Using SAS Viya to Analyze Love at First Sight

Data Science February 11, 2020

The Game Changer series

By Stefan Dimitrov Stoyanov, Business Analytics Intern at Boemska

As you may have noticed from my first and second articles about SAS Viya, I fell in love at first sight with the SAS in-memory cloud analytics platform. However, do you believe you can fall in love, at first sight, with someone?

According to the 2017 Elite Singles poll the majority of people, 61% of women and 72% of men, say yes. Research conducted by the University of Groningen also supports these results. So, there is a chance that just like me, you are a hopeless romantic believer. 🙂

I have never fully considered the reasons that make people fall in love so suddenly. That is, not until I bumped into the SAS Viya Visual Data Mining and Machine Learning free trial. It walked me through the analysis and visualization of a speed dating dataset garnered from Columbia University and hosted by Kaggle. Through the trial, and the GitHub challenge – both of which I will discuss in this article – SAS Viya helped me to understand the most important factors and how to predict a potential match with that special someone, the first time we meet.

Based on the findings, I feel more prepared for my next date. As I’ll show in this edition of the #GameChanger series, SAS Viya turned out to be a game-changer for me one more time! ☺

Getting to know the data

An experiment was led by Columbia Business School professors Ray Fisman and Sheena Iyengar. It consisted of a series of speed dating meetups from 2002-2004. Columbia University gathered data by distributing surveys at different stages of the experiment. Before each meetup, participants answered demographic questions about age, region, career, interests and hobbies, as well as their expectations from the speed dating event. Also, they were asked to give their perceived importance on six key characteristics: attractiveness, ambition, intelligence, fun, sincerity, and shared interests. During the meetups, the attendees spent 4 minutes to speak with every participant from the opposite sex. After every 4 minutes, they were asked to rate their dates on the same six key attributes. The attendees had to say if they wanted to see someone of the other participants again. The gathered information resulted in a dataset with 195 columns and over 8000 records.

As soon as I started the free trial, I could immediately begin to explore this data set through a beautiful and comprehensive Visual Analytics report. The coolest feature is that it visualizes the data in the form of a single interactive dashboard. Therefore, I could see valuable new knowledge about the participants in the experiment at just a glance.

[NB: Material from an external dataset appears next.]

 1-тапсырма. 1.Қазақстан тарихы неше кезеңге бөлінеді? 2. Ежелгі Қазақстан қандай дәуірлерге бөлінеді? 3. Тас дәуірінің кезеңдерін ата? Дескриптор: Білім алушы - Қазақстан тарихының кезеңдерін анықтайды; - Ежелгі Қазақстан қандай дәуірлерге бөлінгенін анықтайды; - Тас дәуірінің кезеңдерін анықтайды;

For example, I could notice immediately that the participants are quite social. Still, at the same time, most of them do not date very often. More interestingly, I could already see that one of the main factors for someone to fall in love at first sight, is if the other person is fun. ☺

Something I like is that the dashboard is interactive and allowed me to explore more insights very fast. I could expand a diagram if I needed to have a closer look. I was even able to modify the charts only for females or males by choosing the gender selection at the top of the report. I could see more interesting insights about a specific diagram by clicking on it and opening an information pane. For example, by exploring the “Correlation of Interests” chart, you can find out with what person you have the most significant chance to make a match based on your interests.

By following the step-by-step instructions in the free trial, with only a few clicks in the SAS Viya Visual Analytics tool, I was able to create in several minutes the following box plots:

The two box plots show us that men were ranked the highest on Intelligence, followed by Sincerity and Ambition. The female results appear to be more evenly distributed among the six attributes, where only Shared Interest had visibly lower scores.

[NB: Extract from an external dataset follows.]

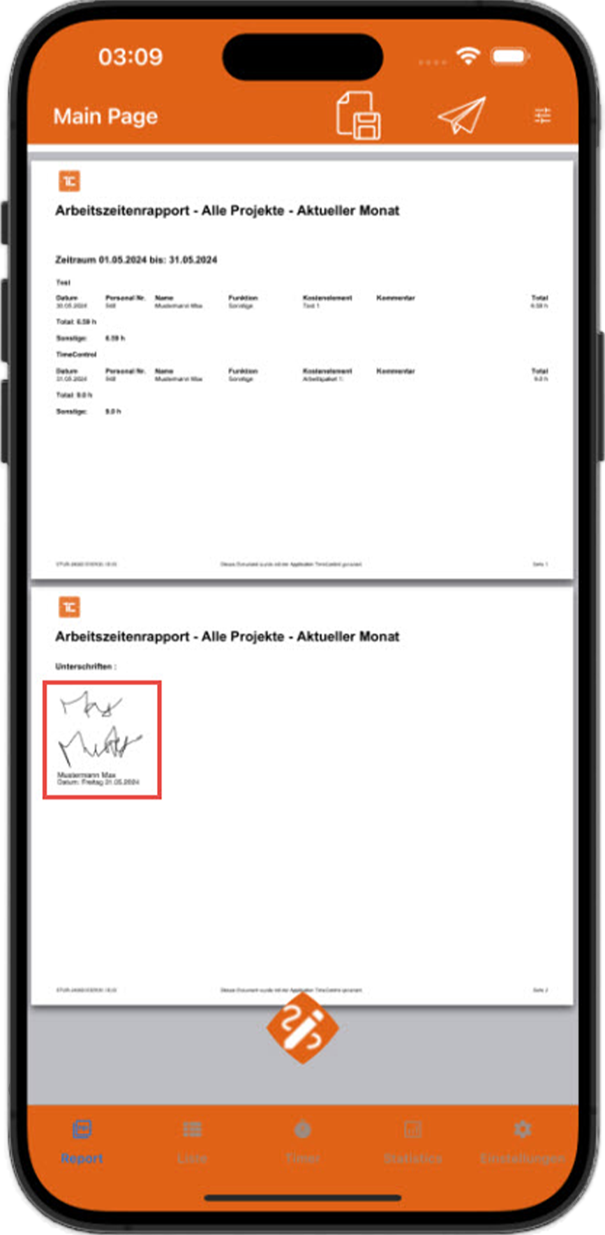 Nun ist der Arbeitszeitenrapport unterschrieben und kann nicht mehr verändert werden:

Now that we have revealed some interesting facts about how male and female participants scored each other, do you want to know if some of them made a match?

Creating an automated analysis of the data

The “Automated analysis” machine learning object within SAS Viya Visual Analytics environment, helped me to determine quickly what variables influence a match. By following the step-by-step instructions, I was able to build the first basic machine learning predictive model in the trial very easily. You can see all the results nicely arranged in a single interactive dashboard. But that is not everything, what is most impressive is that you don’t even need to try hard to interpret the figures and charts. SAS Viya does the hard job instead of you. SAS Viya applies natural language processing to automatically generate valuable insights in the form of easy to understand text.

The automated analysis reveals that 16.49% of all 4184 speed dates resulted in a match (690 couples). The colourful bar at the top orders the predictors of a match by relative importance. It starts with the most important predictors on the left. Fun, followed by shared interests and attractiveness scores by females, and attractiveness, fun and shared interests ratings by males were the most important predictors for a successful match. This means that there was an excellent chance for a match if both a female and male considered their partner in the speed date to be fun, had shared interests and were attractive.

What else is needed for a match? The automated model algorithm calculates the probability of a match for different combinations of variables. The dashboard reveals that when both the female and the male found their partner to be attractive and the female considered that the male shared her interests, there was 64.09% chance for a match.

From the colourful bar at the top, I could also click on a predictor. Then, from the chart on the right, I would see how the selected variable related to the number of matches. For example, on the screenshot above the selected predictor is 2_154 – Shared Interest Score by Female. You can see that below the bar chart, there is an insight generated by the SAS natural language processing algorithm. It showed that when a male was scored with 6, 7 or 8 for shared interests, the total count of yes (match) was a high value.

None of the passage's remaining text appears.